• _Dataset section_
+ + + +
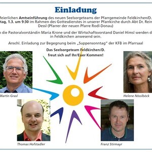 Der Gottesdienst 1. März 2026 steht zudem in einem besonderen Rahmen: In der Pfarrkirche findet die feierliche Amtseinführung des neuen Seelsorgeteams der Pfarrgemeinde Feldkirchen/Donau statt. Die Einführung erfolgt durch Abt Dr. Reinhold Dessl (Pfarrer der neuen Pfarre Rodl-Donau). Ebenfalls anwesend sind Pastoralvorständin Maria Krone und Wirtschaftsvorstand Daniel Himsl.
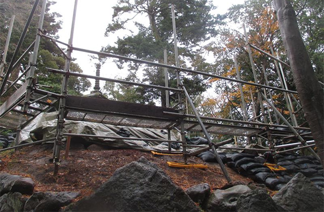 崩落石材回収・石垣解体中
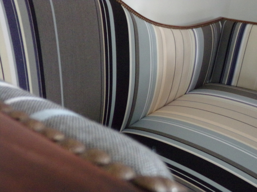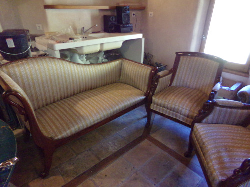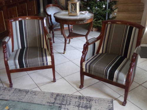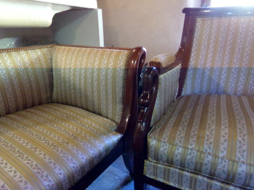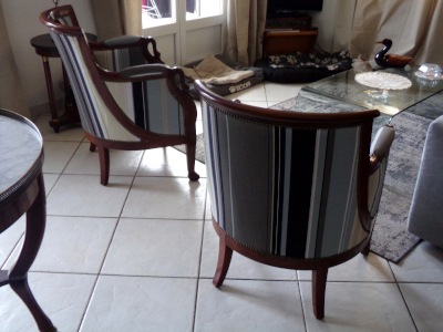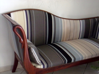 Salon Méridienne et deux Fauteuils Style Empire Meubles tissu "classique" Garniture de l’assise de la Méridienne et coussins des Fauteuils refait à neuf .Pose d’un tissu » Les Toiles du Soleil » fixé avec des clous décoratifs bronze doré
+ + + +
• _Task to carry out_
No picture should be included when the data are set down again exactly.

• _Result below_
 Der Gottesdienst 1. März 2026 steht zudem in einem besonderen Rahmen: In der Pfarrkirche findet die feierliche Amtseinführung des neuen Seelsorgeteams der Pfarrgemeinde Feldkirchen/Donau statt. Die Einführung erfolgt durch Abt Dr. Reinhold Dessl (Pfarrer der neuen Pfarre Rodl-Donau). Ebenfalls anwesend sind Pastoralvorständin Maria Krone und Wirtschaftsvorstand Daniel Himsl.
 崩落石材回収・石垣解体中
 Salon Méridienne et deux Fauteuils Style Empire Meubles tissu "classique" Garniture de l’assise de la Méridienne et coussins des Fauteuils refait à neuf .Pose d’un tissu » Les Toiles du Soleil » fixé avec des clous décoratifs bronze doré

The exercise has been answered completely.